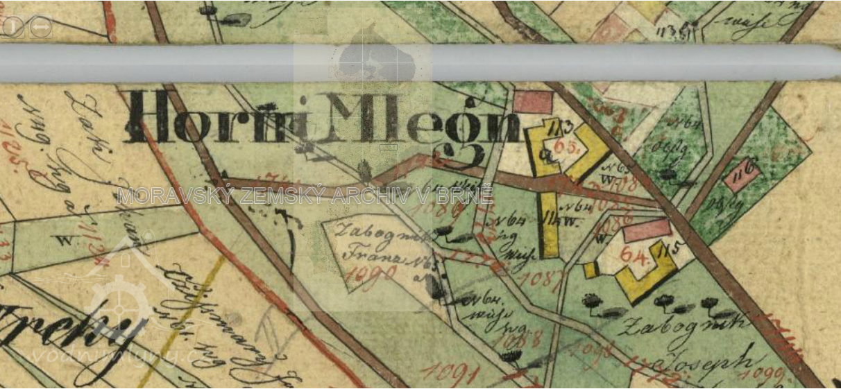 Mlýn, ke kterému vedla cesta osázená olšemi, byl v roce 1774 prošacován za 400 rýnských zlatých6. Podle trhové smlouvy byl JOSEF ZÁBOJNÍK povinen vyplatit své sourozence. Sestře Rosině odvedl 120 zl., druhá sestra Anna již byla po smrti, tedy podíl náležel jejím dětem Anně a Marianě, každé 50 zl. Svému stejnojmennému zeti, „který mnohý léta při mlejně pracoval a otci pomáhal“ Josef vyčlenil 80 zl. Do sirotčí kasy panství uherskobrodského byl povinen každoročně odvádět 33 zl., splatných ke svátku sv. Václava.K mlýnu tehdy přináleželi také 2 koně, 2 tažení voli, 8 dojných krav, 1 jalovice, 2 vozy, 2 pluhy a 3 brány.
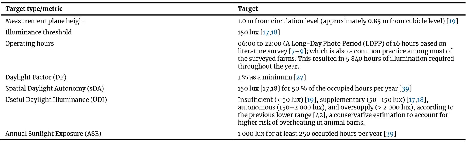 Table 1. Summary of lighting performance metrics, thresholds, and conditions applied in the analysis.
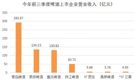 青岛啤酒前三季度销量仅增1.6%,第三季度销量微增0.3%;重庆啤酒营收同比下滑,净利润减少6.83%至12.41亿元,成为唯一盈利下滑的头部企业。
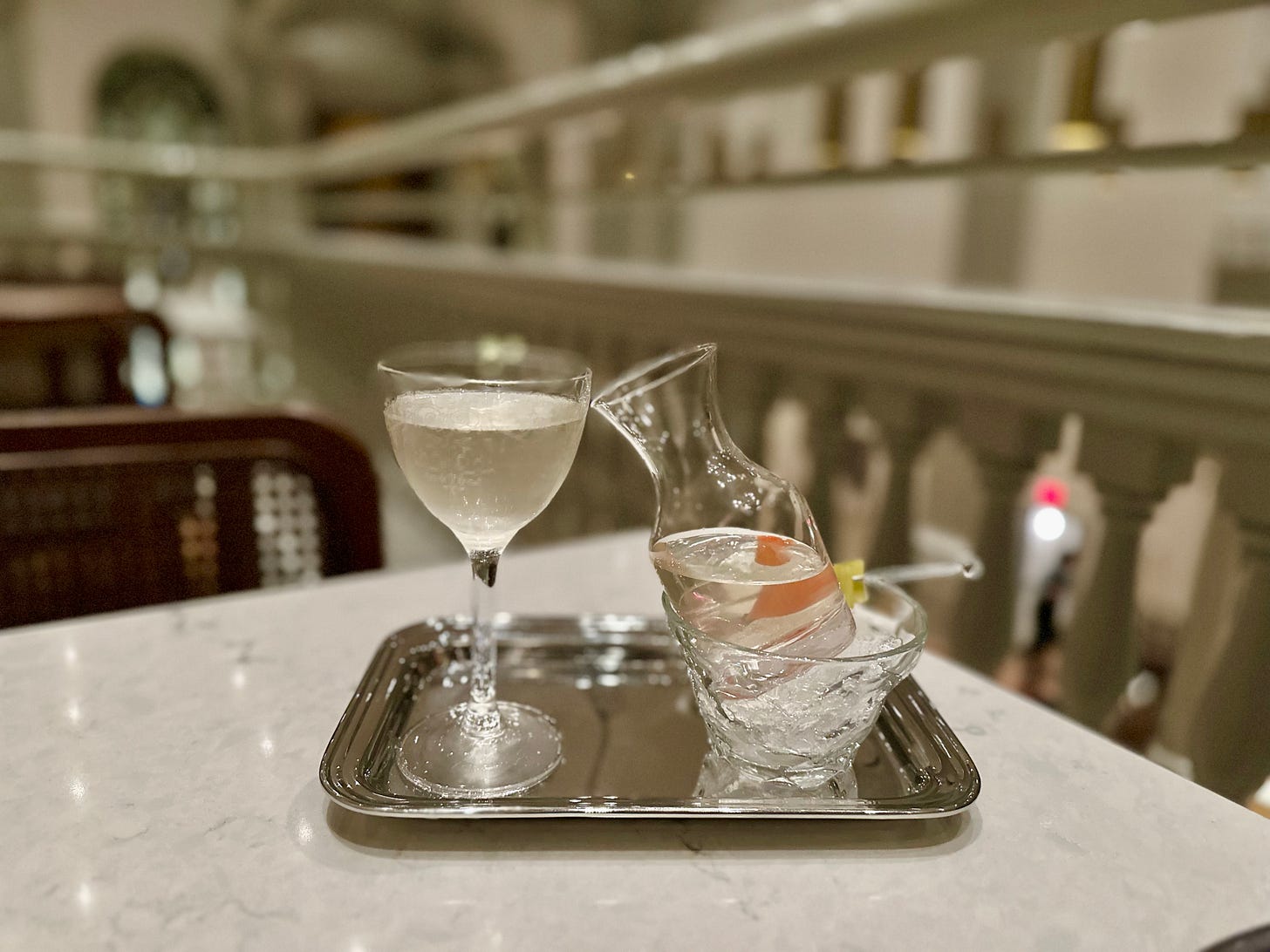Hands down the most delicious cocktail I’ve had the pleasure of sipping so far this year is the Mirepoix Martini from Wye Oak Tavern. There are five martinis to choose from the cocktail menu’s martini service, but I couldn’t resist the most savory and unusual-sounding of the bunch. Among its ingredients, the Mirepoix Martini listed carrot-infused vodka, navy-strength gin, dry vermouth, espelette pepper, and celery bitters. The cocktail had a pleasant vegetable quality with a botanical backbone from the gin, plus a clean, grassy finish. The presentation was gorgeous, complete with a pickled carrot, onion, and celery garnish, and I loved that they served the remaining martini in a glass bottle on its own bed of ice.
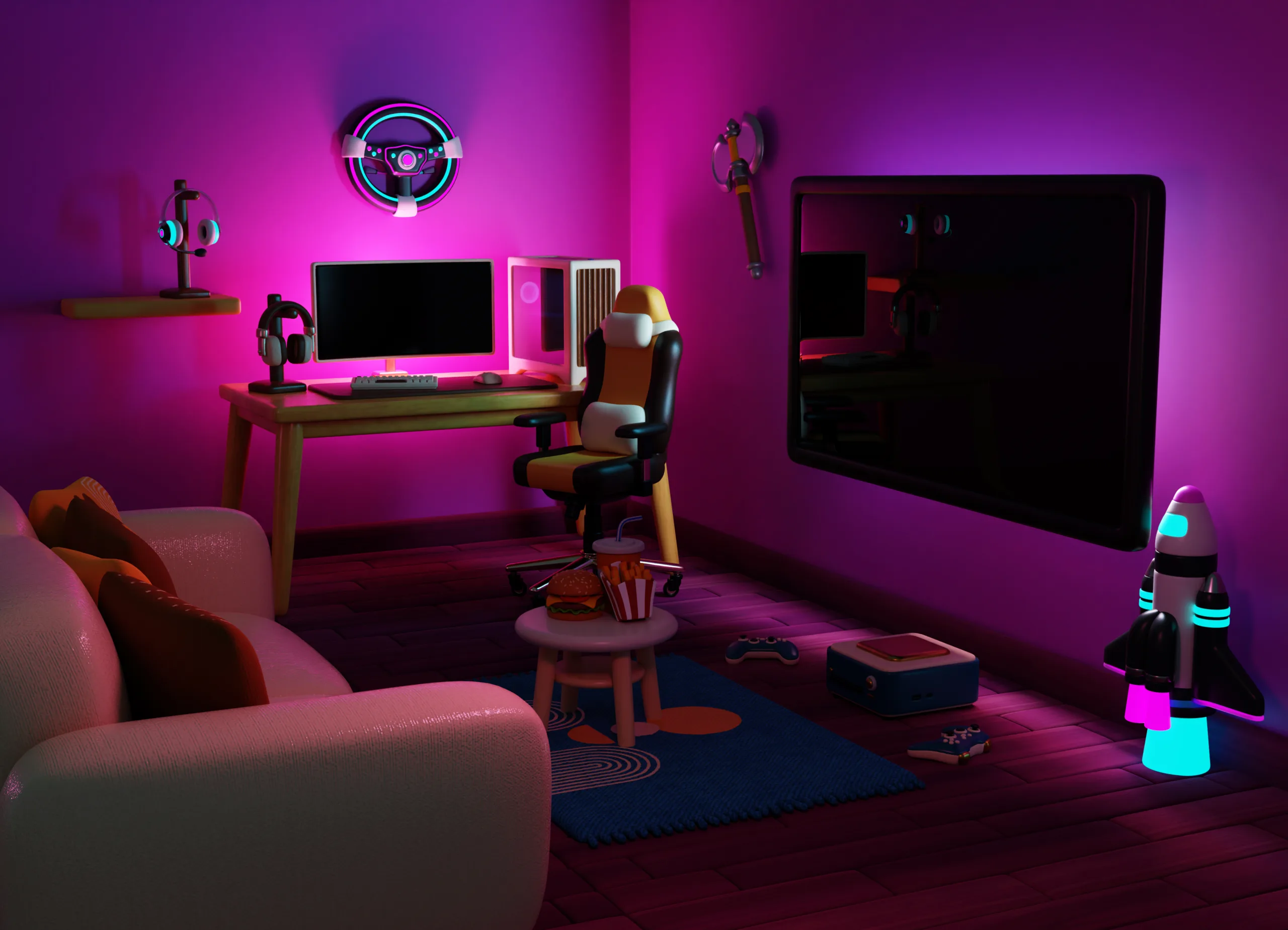 Il primo impatto che l’utente riceve collegandosi a una diretta è prettamente visivo. Lo sfondo che appare alle spalle dello streamer racconta una storia e definisce il tono della trasmissione, contribuendo a costruire il brand personale del creatore. Una parete spoglia o disordinata può trasmettere sciatteria, mentre un ambiente curato comunica professionalità e dedizione. La gestione dell’illuminazione gioca un ruolo chiave in questo contesto: l’utilizzo di luci soffuse, strisce LED RGB posizionate strategicamente o lampade direzionali (key light) permette di staccare il soggetto dallo sfondo, donando profondità all’immagine. Tuttavia, l’elemento scenico più riconoscibile e immediato, che funge da vero e proprio trono per il creatore digitale, è rappresentato dalla seduta. Le sedie da gamer non sono semplici elementi d’arredo, ma icone di stile che segnalano immediatamente l’appartenenza a una specifica cultura digitale. La loro struttura imponente e i colori spesso vivaci diventano parte integrante della scenografia, un punto focale che l’occhio dello spettatore impara a riconoscere e associare al personaggio.
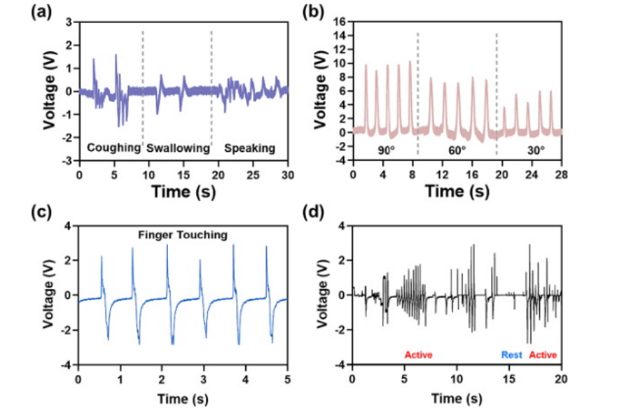 圖5. TESP作為可穿戴傳感器的演示。(a)貼在志愿者喉嚨上的TESP和輸出的監(jiān)測(cè)咳嗽、吞咽和說(shuō)話的電信號(hào)。(b)手指彎曲不同角度的電響應(yīng)。(c)手指觸摸檢測(cè)電壓。(d)小鼠運(yùn)動(dòng)誘導(dǎo)的TESP輸出電壓。
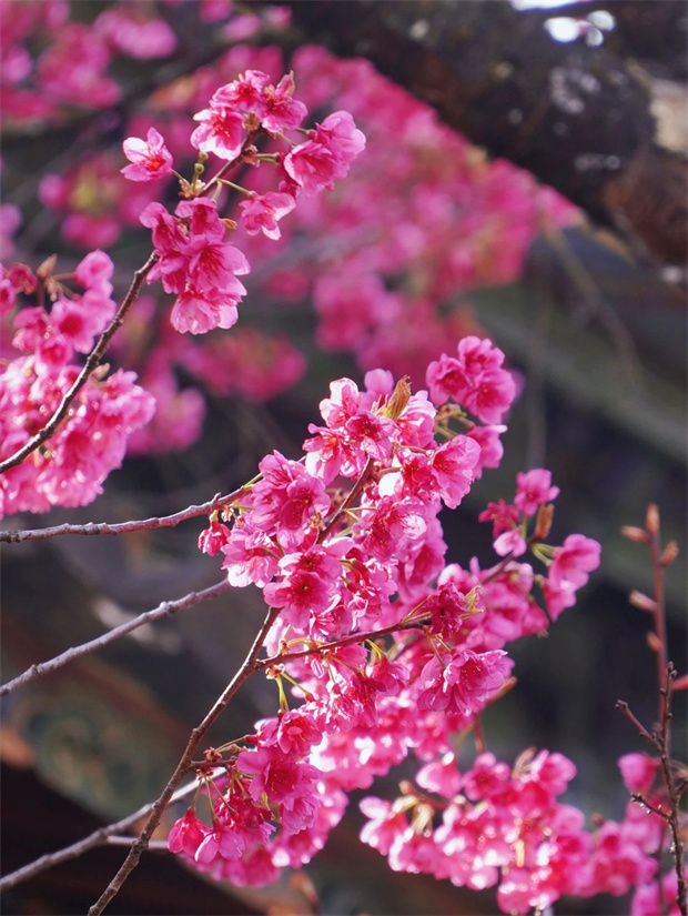 叢間回蕩。若是運(yùn)氣好,還能碰上寺院里的僧人,他們慈悲的面容與這櫻花美景相得益彰,為賞花之行
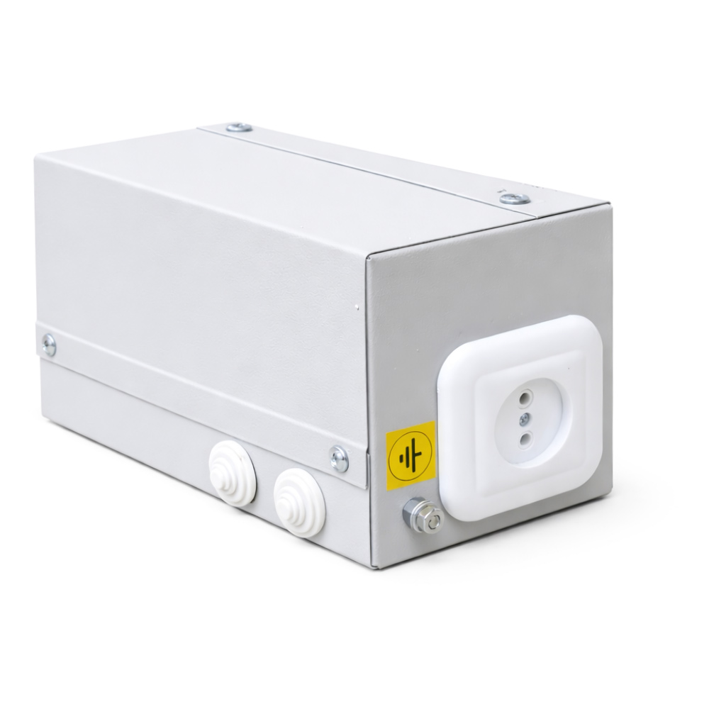Изделие представляет собой металлический корпус с закрывающейся крышкой, внутри которого смонтированы трансформатор, два автоматических выключателя и розетка. Такая конструкция позволяет использовать ящик как готовое решение для организации безопасного пониженного напряжения 24 В непосредственно на объекте. Благодаря наличию двух автоматических выключателей обеспечивается раздельная защита первичной и вторичной цепей, а также удобство отключения трансформатора от сети при обслуживании.
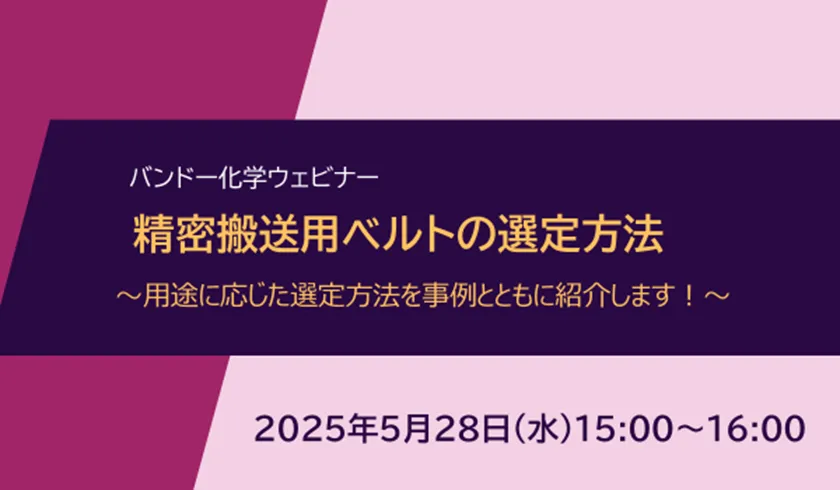 バンドー化学株式会社は、精密搬送用ベルトの選定に関するウェビナーを開催します。現代の製造業において、精密搬送用ベルトに対する要求は多様化しており、適切な選定がますます重要になっています。このウェビナーでは、それらの課題に対するアプローチをお伝えします。
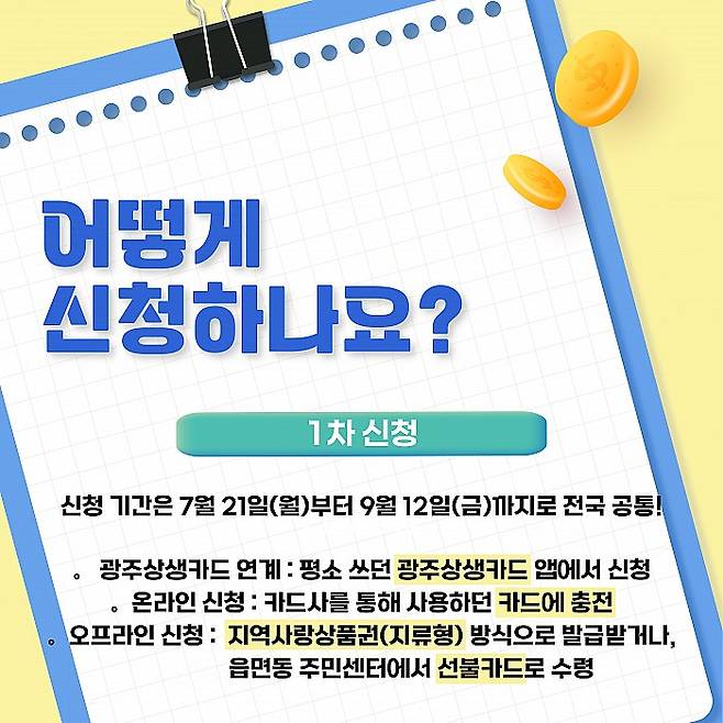 - 광주상생카드 연계 : 평소 쓰던 광주상생카드 앱에서 신청
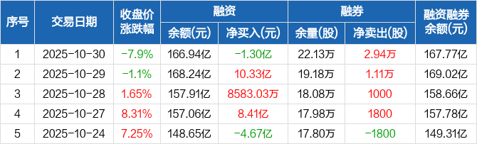 新易盛:融资净偿还1.3亿元,融资余额166.94亿元(10-30)
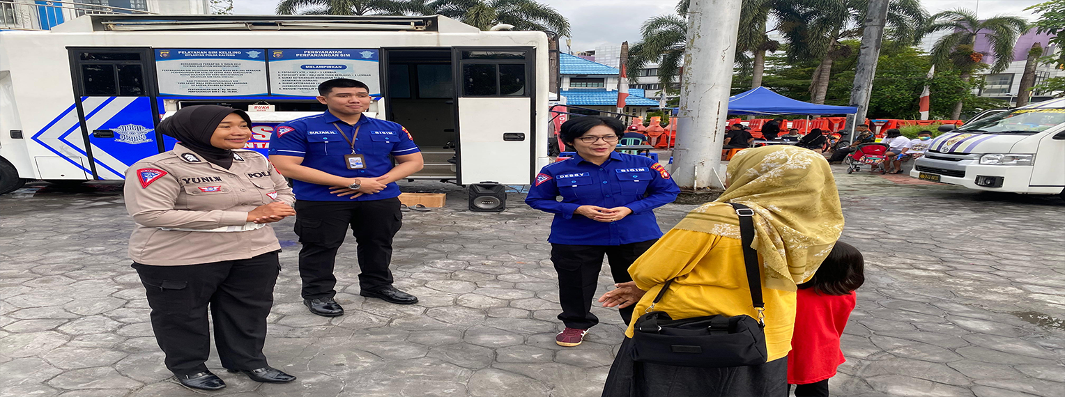 Pelayanan SAMSAT POLRI adalah layanan terpadu antara POLRI, Bapenda, dan Jasa Raharja untuk memudahkan masyarakat dalam pengurusan administrasi kendaraan bermotor, seperti pembayaran pajak, perpanjangan STNK, dan penerbitan TNKB — semua dilakukan dalam satu tempat (satu atap) agar cepat, mudah, dan transparan.
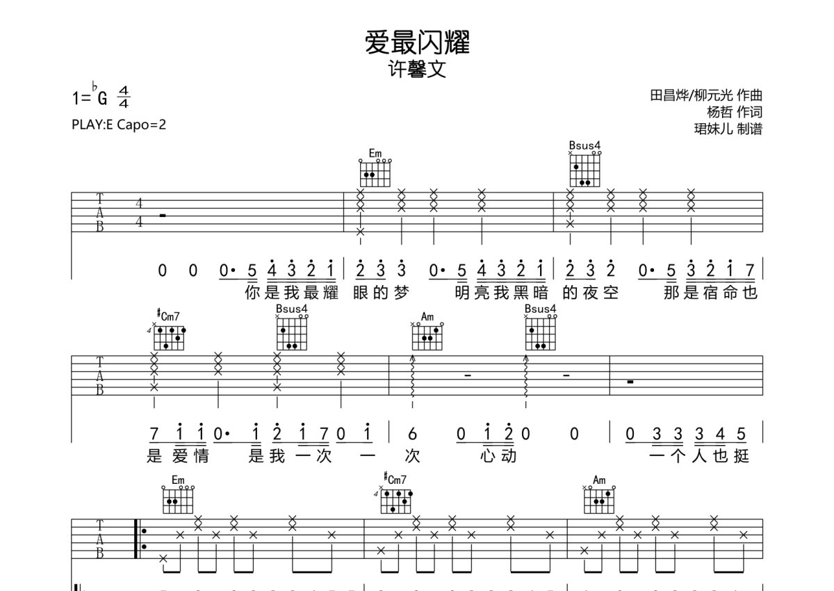 《爱最闪耀》是许馨文演唱的一首歌曲,本吉他谱采用的是E调指法编配,这份吉他谱共有两张高清图谱,图谱由 @珺妹儿 编配上传,图谱使用六线谱编配,包含吉他和弦指法、简谱以及歌词部分,使用这份爱最闪耀吉他谱,可以让你更加方便地掌握这首歌曲的弹唱技巧,快来尝试吧。本谱采用E调指法编配,弹唱建议变调夹2品,速度85BPM,难度较简单,易上手。
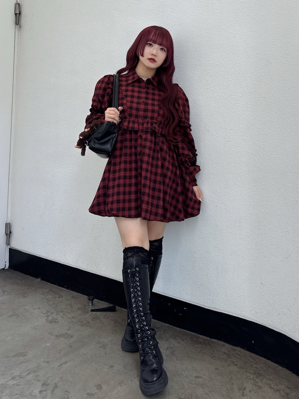 MARI(jouetie)のワンピース「フリルショルダーバルーンミニワンピース」を使ったコーディネート
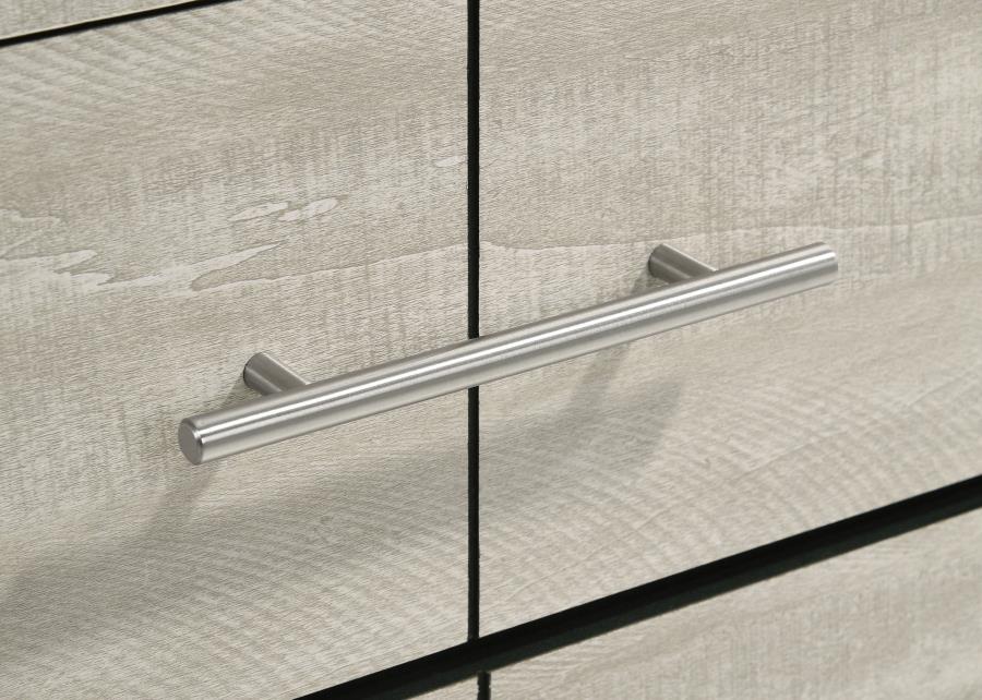 | This four-drawer chest offers a stylish combination of rustic charm and modern design, making it a perfect storage solution for contemporary bedrooms. Finished in a rustic cream with rough-sawn, white-washed engineered paper veneer, it has a warm, textured appeal that’s both inviting and chic. The extra-wide polished nickel handles add a sleek, modern touch, creating a subtle contrast. Built with engineered wood, the chest features English dovetail joinery and Center metal glides for durability and smooth functionality, ensuring it meets both aesthetic and practical needs. |
========
* Required action *
Using the listing above, reproduce word for word every line from the one containing "- 광주상생카드 연계 : 평소 쓰던 광주상생카드 앱에서 신청" through the one containing "新易盛:融资净偿还1.3亿元,融资余额166.94亿元(10-30)". Pictures must be left out.

* Solution for this problem *
 - 광주상생카드 연계 : 평소 쓰던 광주상생카드 앱에서 신청
 新易盛:融资净偿还1.3亿元,融资余额166.94亿元(10-30)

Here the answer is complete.